Excerpts from a dataset:

[Start of Attachment]

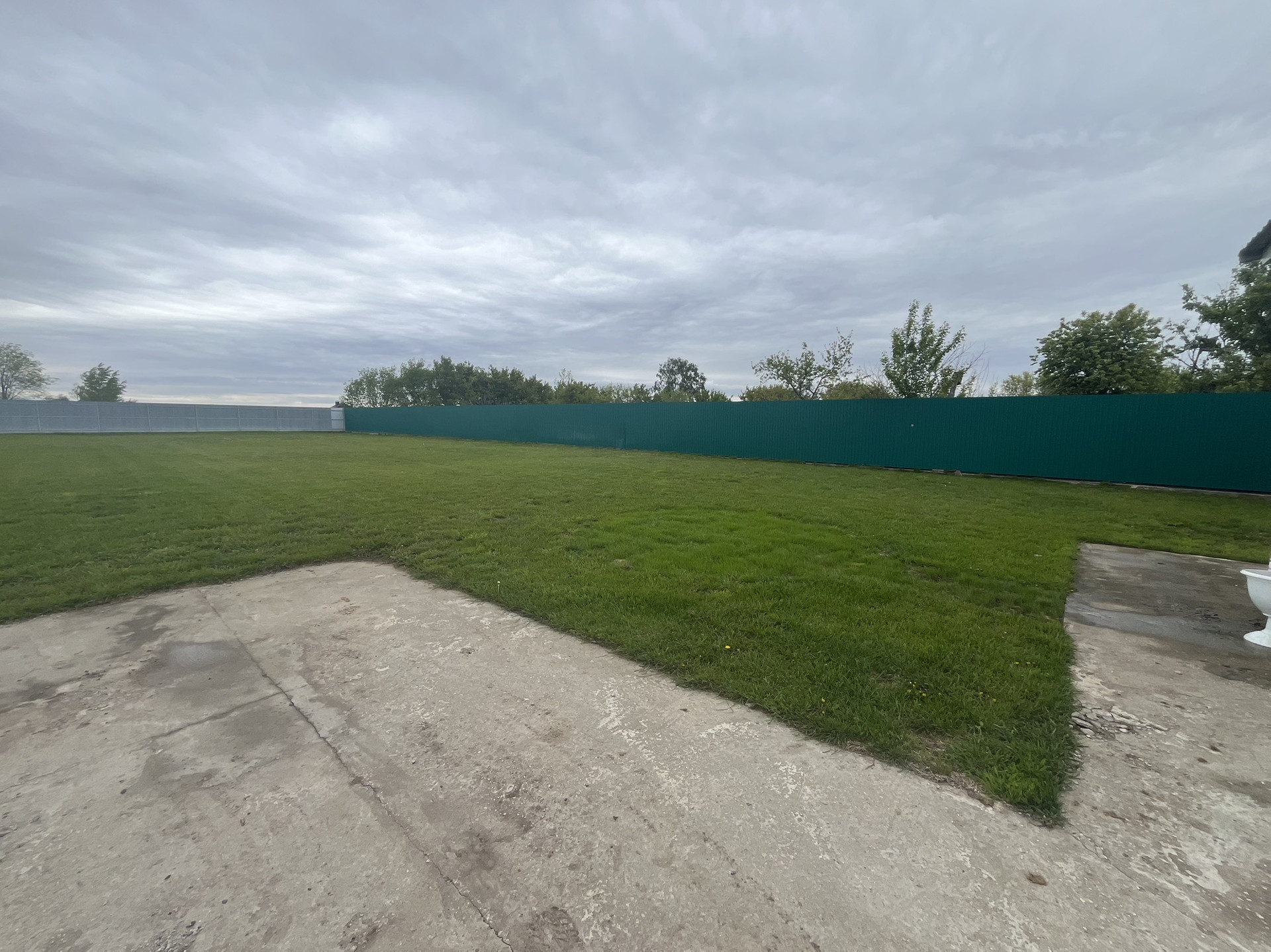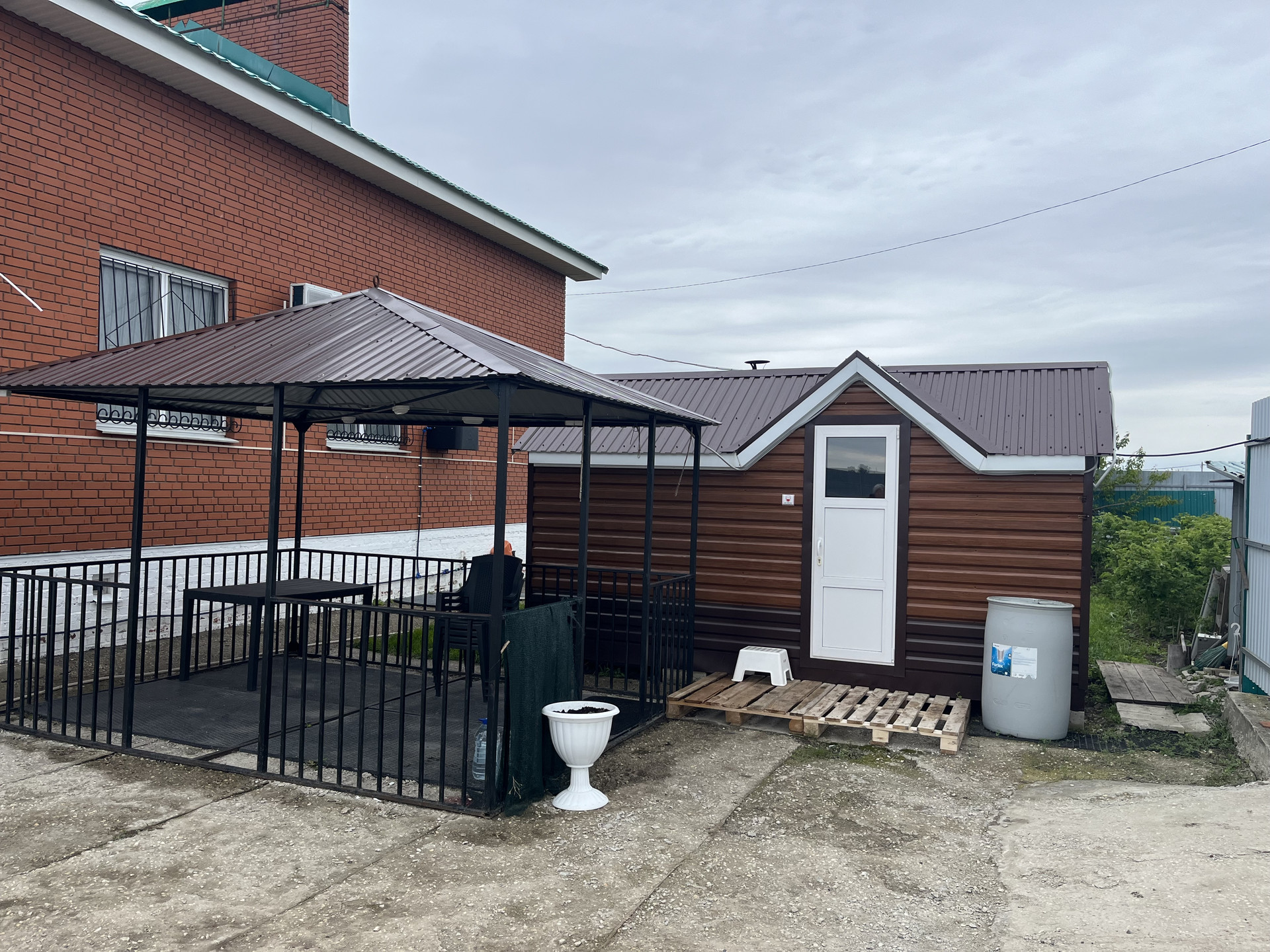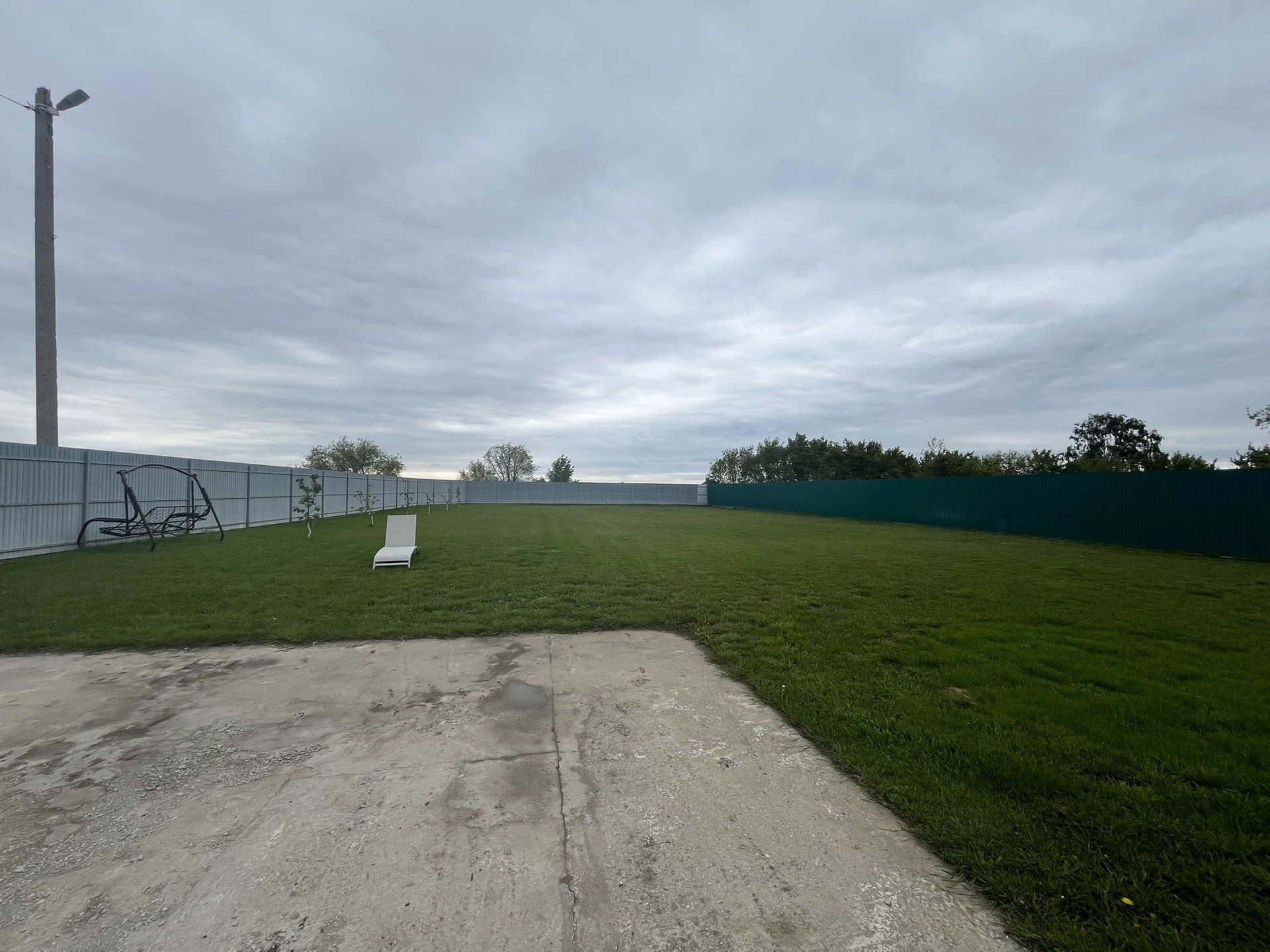 Участок полностью усажен газоном. На территории рядом с домом стоит баня и беседка.
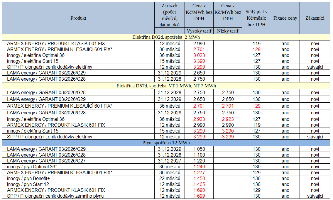 Tab. 1: Nové ceníky (červeně – zvýšení ceny, pokud tarif lze porovnat, * – vážený průměr cen u tarifů s klesající cenou)
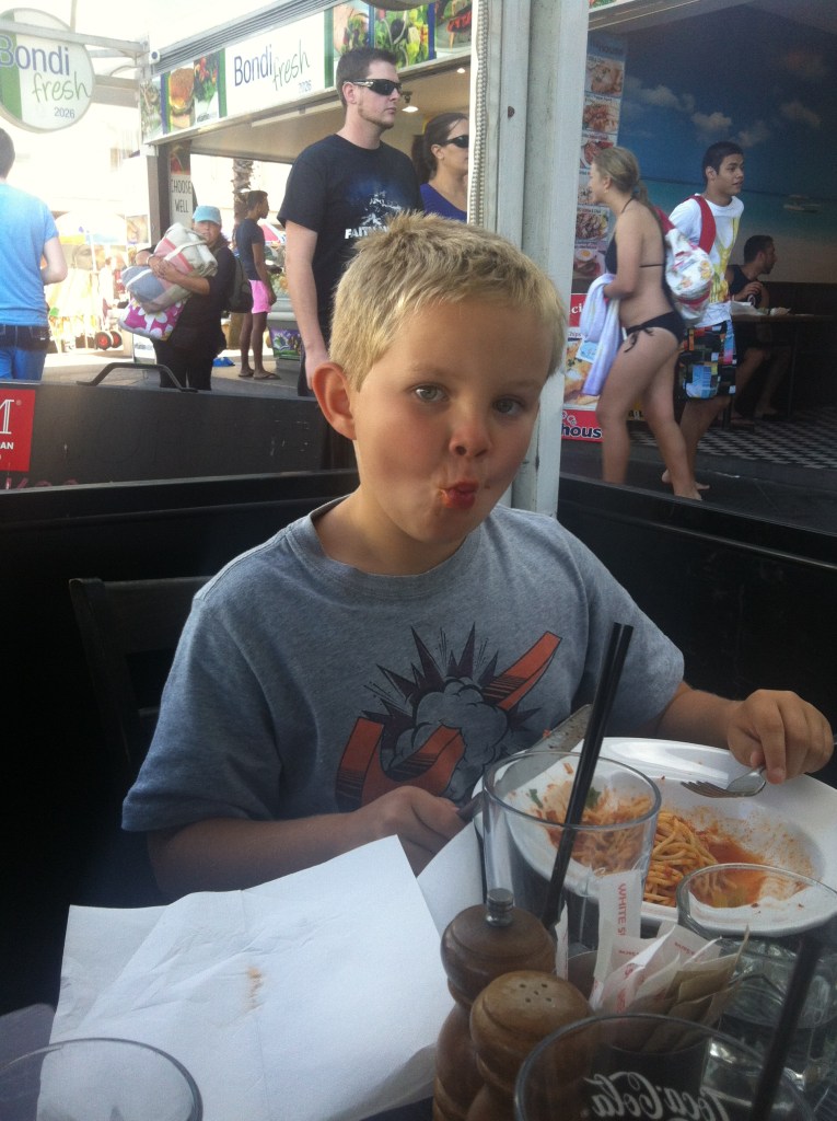 We made out way to an Italian restaurant opposite the beach. The whole area was really pumping and was full of very young people, many of whom were backpackers. We ordered lunch and sat to watch the world go by.
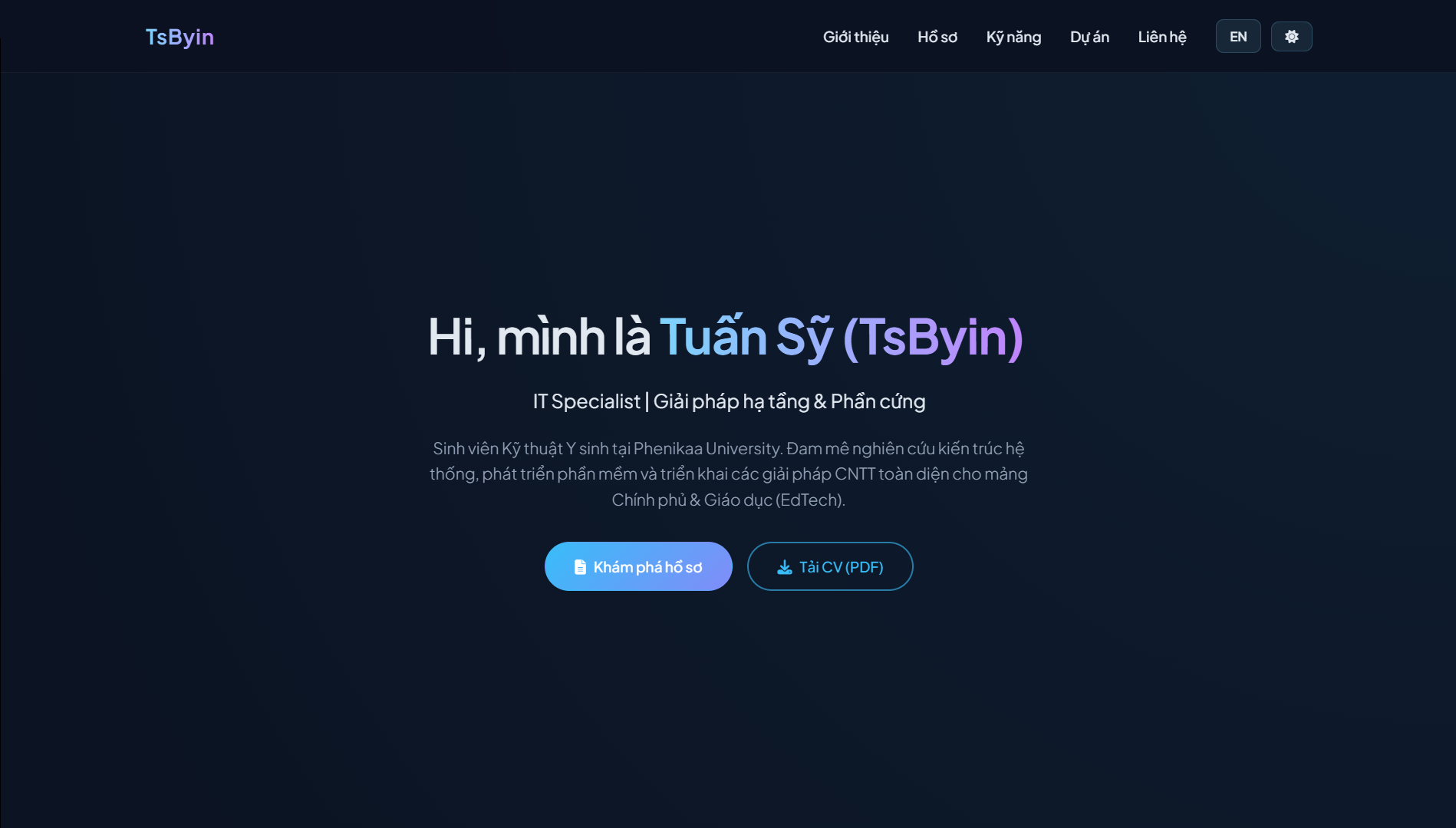 Sinh viên Kỹ thuật Y sinh tại Phenikaa University. Đam mê nghiên cứu kiến trúc hệ thống, phát triển phần mềm và triển khai các giải pháp CNTT toàn diện cho mảng Chính phủ & Giáo dục (EdTech). Biomedical Engineering student at Phenikaa University. Passionate about system architecture, software development, and implementing comprehensive IT solutions for Government & Education (EdTech) sectors.
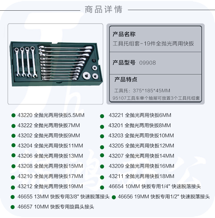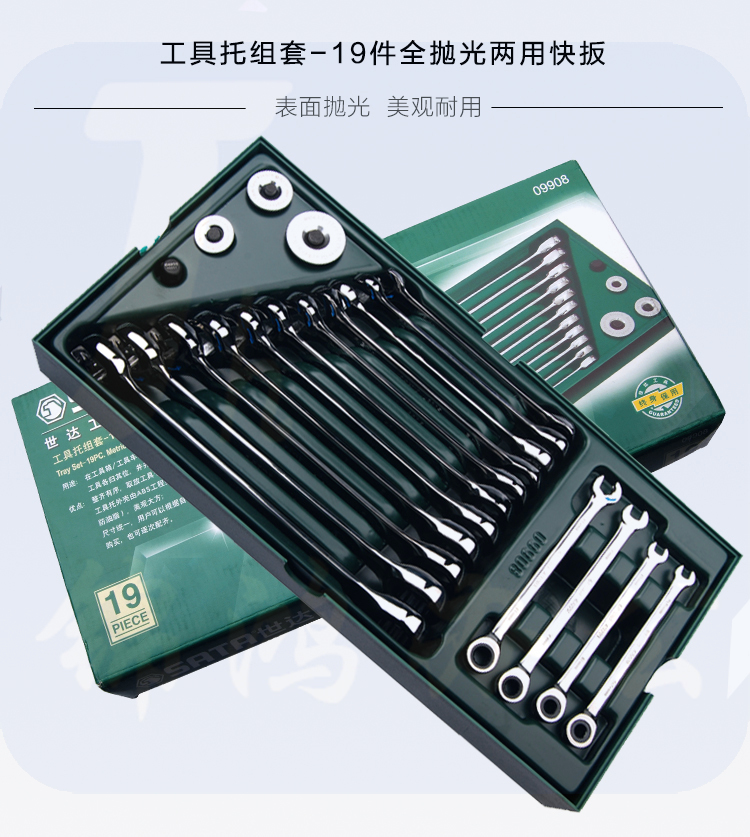 世达(SATA)工具托组套-19件全抛光两用快扳 09908
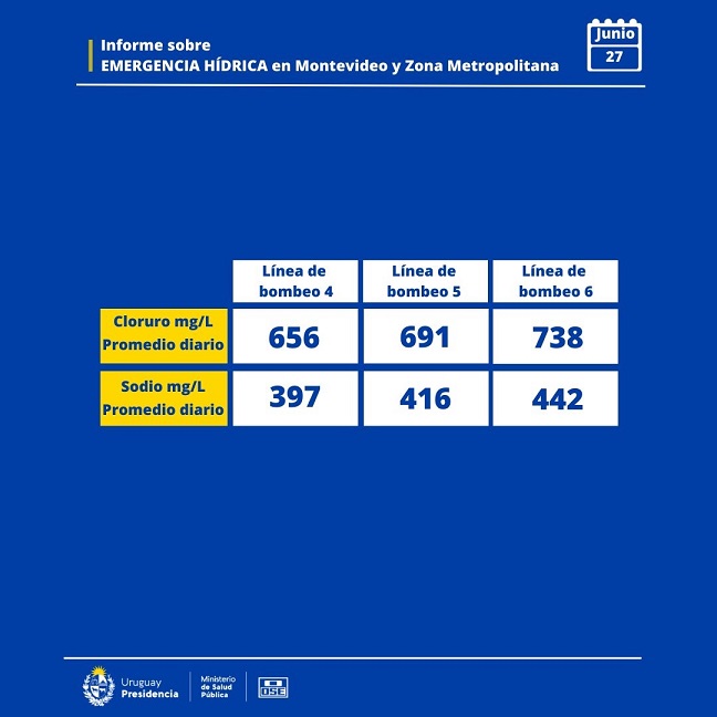 Los límites en promedio diario determinados por el Ministerio de Salud Pública fueron excedidos en la línea de bombeo 6, al igual que sucedió el lunes. Presidencia divulgó el promedio de cloruro y sodio presentes en el agua de OSE este martes. Al igual que el lunes, la línea de bombeo 6 se excedió en los niveles de cloruros y sodio permitidos por el Ministerio de Salud Pública (MSP). Respecto a los cloruros, el informe detalla que hubo un promedio de 656 mg/L en la línea de bombeo 4, de 691 mg/L en la 5 y 738 mg/L en la 6. El nivel máximo de cloruro autorizado por el MSP, tras el pedido del aumento por parte de OSE, es de 720 mg/L, por lo que la línea de bombeo 6 excedió el límite.
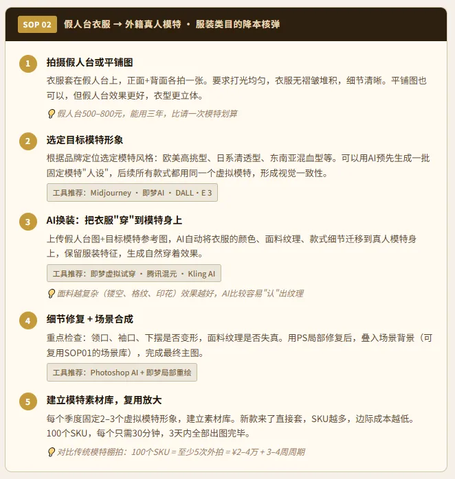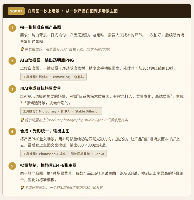 说了这么多,来点干货。以下两个场景是电商视觉里最高频、最耗时、最费钱的,现在完全可以用AI流水线化。
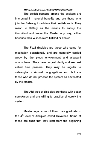The selfish persons among the seekers are interested in material benefits and are those who join the Satsang to achieve their selfish ends. They resort to flattery as the means to satisfy the Guru/God and leave the Master any way, either because their wishes were fulfilled or denied.
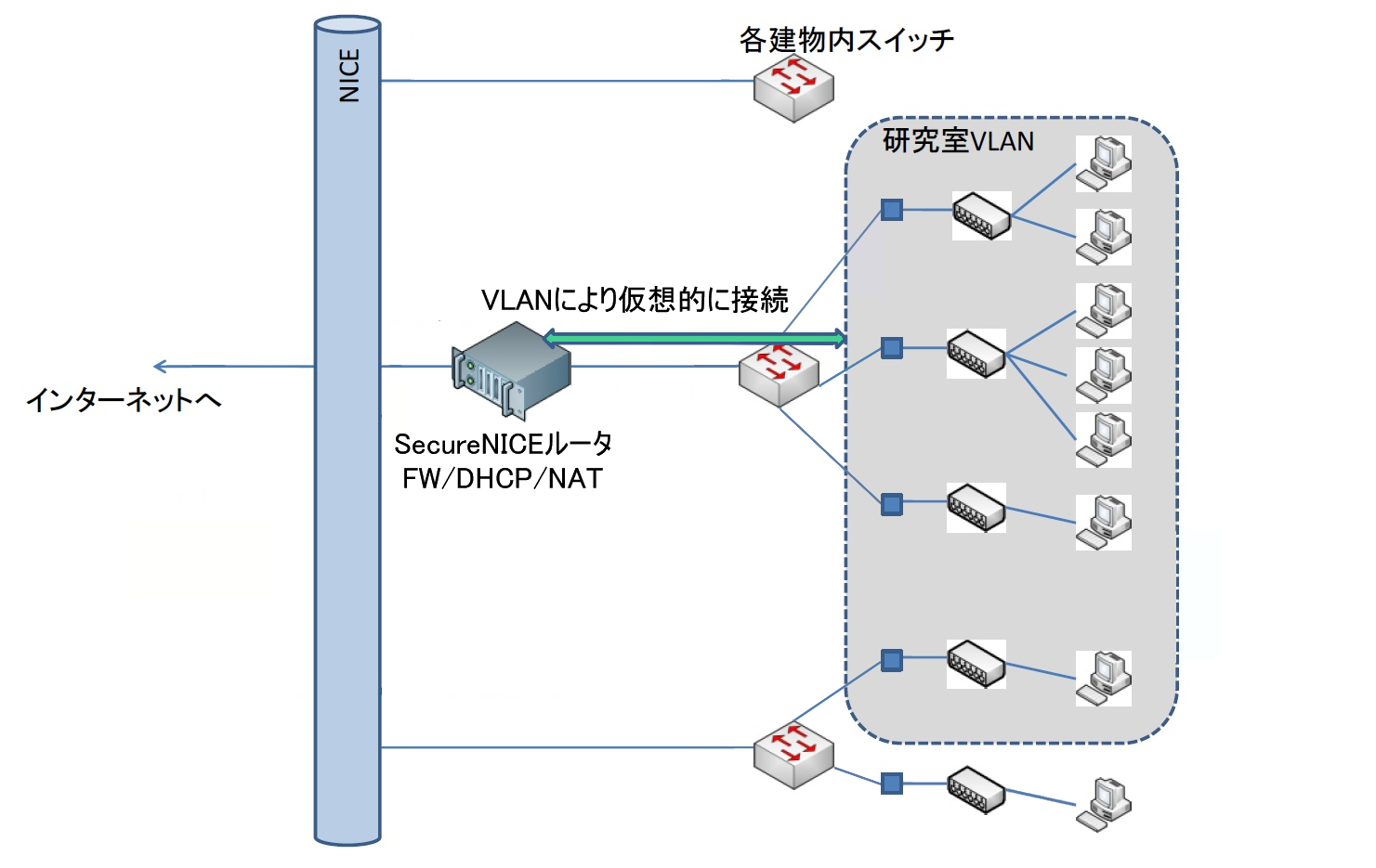 Secure NICEは,安全かつ利便性の高い研究室(等)専用ネットワークです。

[End of Attachment]

REQUIRED ACTION:
Please copy the entries in full. Leave each image out.

WRITTEN SOLUTION:
 Участок полностью усажен газоном. На территории рядом с домом стоит баня и беседка.
 Tab. 1: Nové ceníky (červeně – zvýšení ceny, pokud tarif lze porovnat, * – vážený průměr cen u tarifů s klesající cenou)
 We made out way to an Italian restaurant opposite the beach. The whole area was really pumping and was full of very young people, many of whom were backpackers. We ordered lunch and sat to watch the world go by.
 Sinh viên Kỹ thuật Y sinh tại Phenikaa University. Đam mê nghiên cứu kiến trúc hệ thống, phát triển phần mềm và triển khai các giải pháp CNTT toàn diện cho mảng Chính phủ & Giáo dục (EdTech). Biomedical Engineering student at Phenikaa University. Passionate about system architecture, software development, and implementing comprehensive IT solutions for Government & Education (EdTech) sectors.
 世达(SATA)工具托组套-19件全抛光两用快扳 09908
 Los límites en promedio diario determinados por el Ministerio de Salud Pública fueron excedidos en la línea de bombeo 6, al igual que sucedió el lunes. Presidencia divulgó el promedio de cloruro y sodio presentes en el agua de OSE este martes. Al igual que el lunes, la línea de bombeo 6 se excedió en los niveles de cloruros y sodio permitidos por el Ministerio de Salud Pública (MSP). Respecto a los cloruros, el informe detalla que hubo un promedio de 656 mg/L en la línea de bombeo 4, de 691 mg/L en la 5 y 738 mg/L en la 6. El nivel máximo de cloruro autorizado por el MSP, tras el pedido del aumento por parte de OSE, es de 720 mg/L, por lo que la línea de bombeo 6 excedió el límite.
 说了这么多,来点干货。以下两个场景是电商视觉里最高频、最耗时、最费钱的,现在完全可以用AI流水线化。
The selfish persons among the seekers are interested in material benefits and are those who join the Satsang to achieve their selfish ends. They resort to flattery as the means to satisfy the Guru/God and leave the Master any way, either because their wishes were fulfilled or denied.
 Secure NICEは,安全かつ利便性の高い研究室(等)専用ネットワークです。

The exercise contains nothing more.